Speaking of the pot, the pot in the picture is 8 quarts.




When I cook, I always keep a full pot of nearly boiling water on "hot" standby. This aids in getting dinner on the table faster, if you seem to loose time as I do. It also make a great way of distracting the restless natives by offering them hot tea while they wait. The beef that has been added will not really get browned if cooking in something like I cooked it in. An alternative to beginning this meal is to brown the beef first; take out the beef, to sauté the vegg, then add the beef. That isn't what I did this time, because I was being lazy and there were no complaints nor left overs in the end.
Add the potatoes, add the seasoning, add the beef bouillon, malt vinegar and worcestershire sauce. Next add the hot standby water till it is nearly covering everything--and I say nearly, because when you stir the fare, you will see that there was wasted space the food was not fitting into and if you fill the pot till everything is covered and then stir, you will have a very wet pot of food in the end. This is a winter hearty meal, not a summer hearty meal, so having lots of liquid is a detractor in this pot. Add the 1/4 cup of barley, add the maitake mushrooms if you have them. Stir a bit more to get things settled, cover and bring to a boil. Once it starts going, turn down the heat to low-medium or till the pot is at a gentle rolling boil. At this time, get yourself to the can of black beans, a colander and a sink with running water. Drain the beans into the colander and rinse. You are rinsing to cut down on the amount of fiber--which one does need, however there is a limit and black beans are quite notorious; so make your entire gasto-system happier: rinse the beans. Add the beans, stir and cover the pot again leaving it to merrily boil at a gentle roll. As a vegetarian dish I use two cans of beans and another bouillon serving. When I have the chance I love using vegetable broth, but that is kind of hard to come by here at times. So the other option I love is Better Than Bouillon's Vegetable Bouillon. That stuff is great, you can use it in stir-fry and so much more due to it being in a paste.
The fare is done when the potatoes are able to be pierced with a fork without too much effort.
While this pot melds its flavors into one delight, take the time to make your favorite cornbread batch, I did.
I didn't bother with much else in vegetable because we had fruit for dessert--a blend of end of season berries, early mikans (Japanese tangerines) and great honey dew melon. Sorry, I forgot to get a picture of that.

2 comments:

Sebastian said...

Looks tasty. I like the pretty effect of laying all the spices out on the waxed paper.

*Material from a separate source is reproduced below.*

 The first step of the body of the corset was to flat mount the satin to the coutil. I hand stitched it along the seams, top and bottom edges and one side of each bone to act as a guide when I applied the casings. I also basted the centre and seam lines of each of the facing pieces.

Looks like you have a couple formatting issues with the text around some of the photos. On my computer (Internet Explorer) the text is chopped up to 2-3 characters wide running in a column down the side of the photos.

Or is that just a mini phonics lesson?

Imperviouschild said...

I know, they do look pretty all arrayed on the wax paper.

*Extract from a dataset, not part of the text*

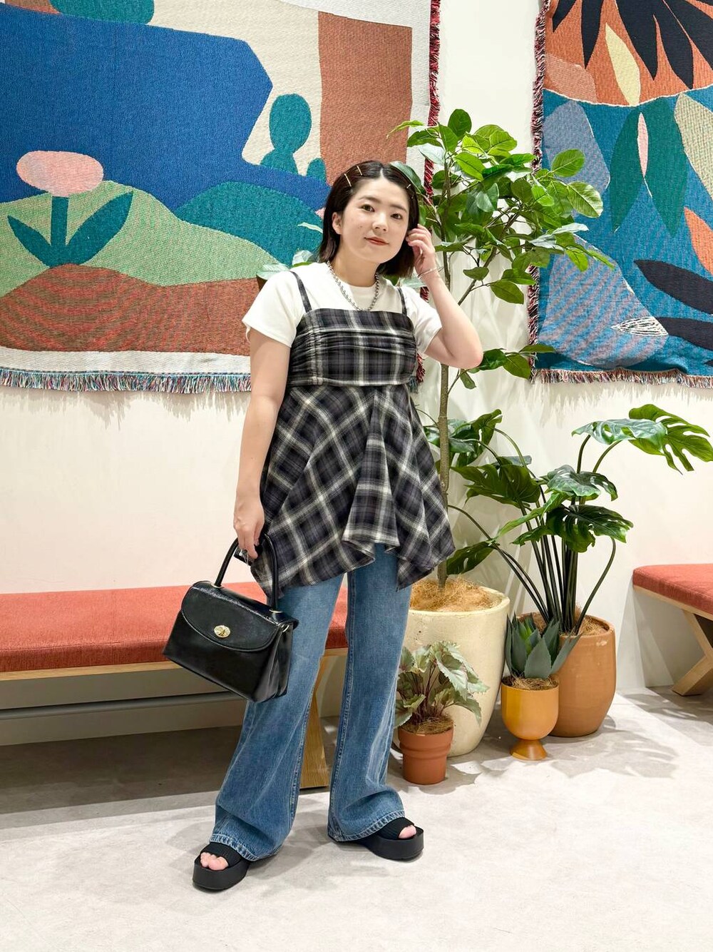 店頭でも大人気なチェックアイテム🖤 【チュニック】 ・チェック柄なので一枚でオシャレに着ていただけます ・肩紐で長さ調節可能です ・生地は柔らかく、夏から秋にかけて着ていただきやすい素材です 【デニム】 ・フレアシルエットで美脚効果抜群です ・柔らかい素材で履き心地抜群です! ・147cmでMサイズ着用してます

LOL, mini phonics lesson...
I have no clue what is up with Internet Explorer and the layout I picked. I keep running into random glitches every so often here. I find one, then hunt down how to fix it; log back on to fix the problem and--HaHa! It's fixed, but check out this... I am confused a bit and nearly at the point of just not caring, but bugged enough about it to keep trying to fix the random bugs.

I will check out the posts on a Windows machine. I only have Linux and Mac to weight all changes against. Thank for the heads up.